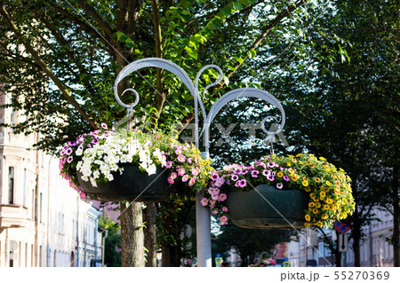 Beautiful flowers on the poles in the form of pots
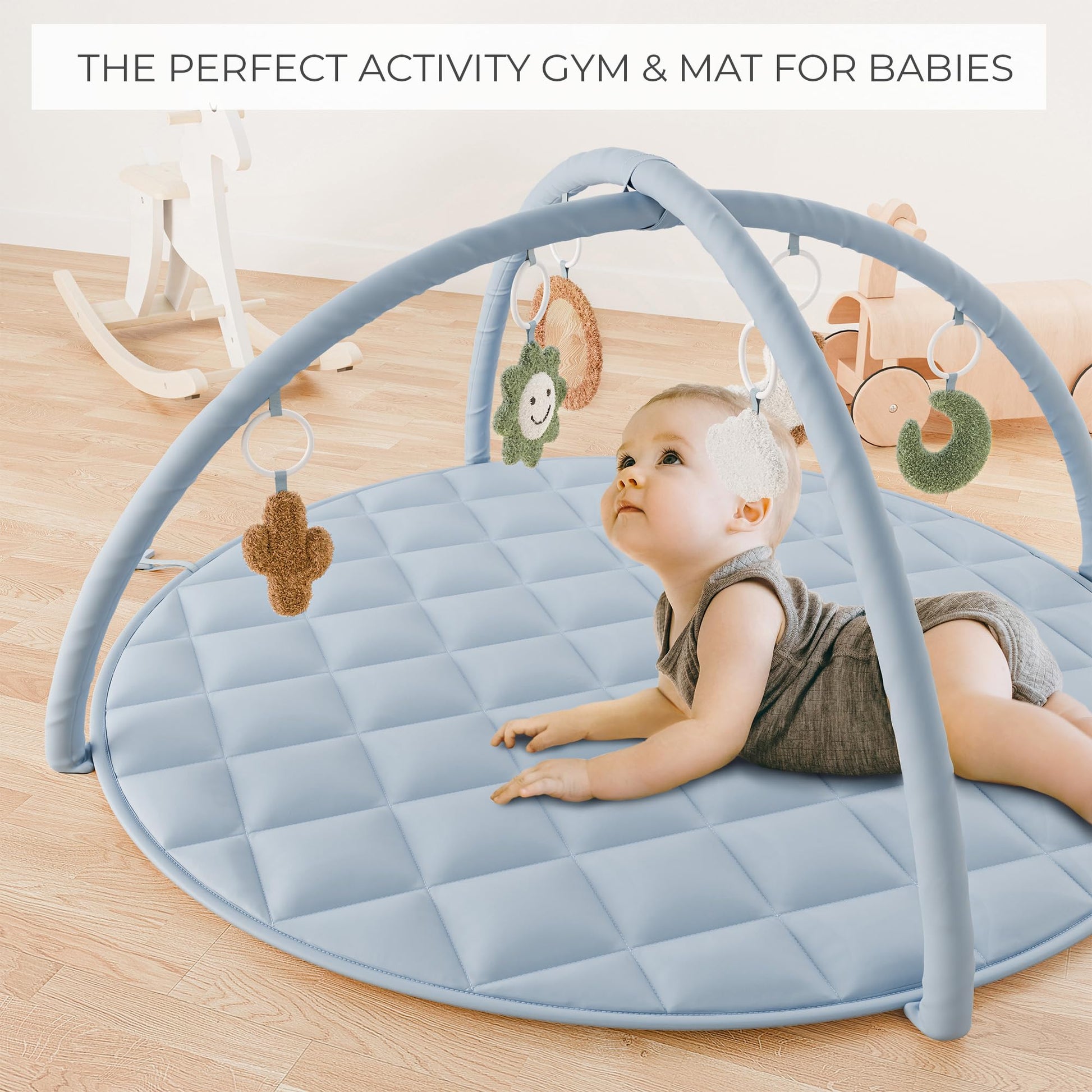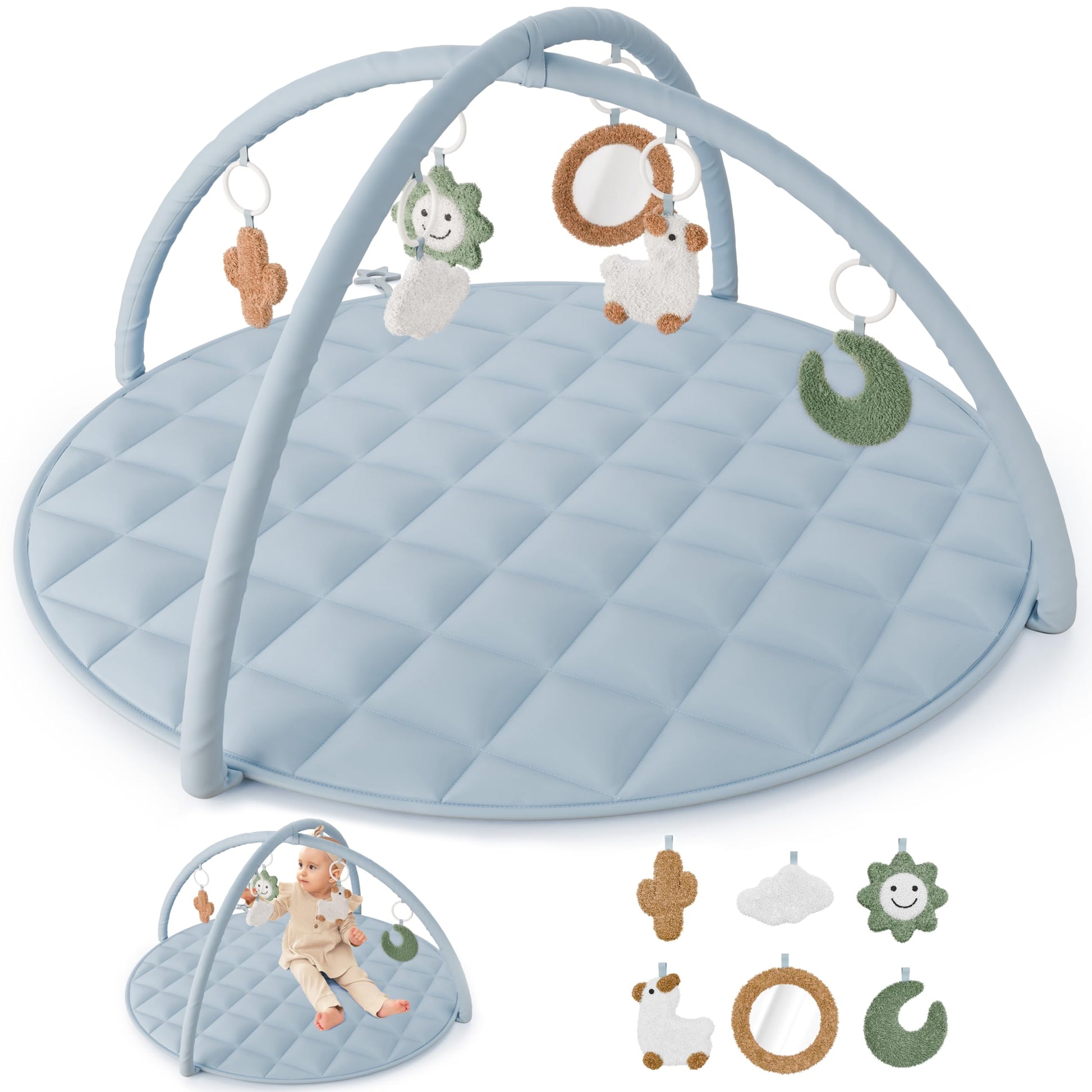 Stylish Design with Adorable Toys: Super cute! The playmat for babies boasts 6 charming toy attachments and a mirror. With its lovely blue design, it suits great for girls and at 35x35” it offers ample space for exploration & play
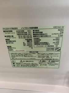 お問い合わせいただきました。アイリスオーヤマ 162L 2ドア冷蔵庫 KRD162-W 2020年製

• Task goal
Restate the whole listing above exactly, except for its images.

• Exercise solution
 Beautiful flowers on the poles in the form of pots
 Stylish Design with Adorable Toys: Super cute! The playmat for babies boasts 6 charming toy attachments and a mirror. With its lovely blue design, it suits great for girls and at 35x35” it offers ample space for exploration & play
 お問い合わせいただきました。アイリスオーヤマ 162L 2ドア冷蔵庫 KRD162-W 2020年製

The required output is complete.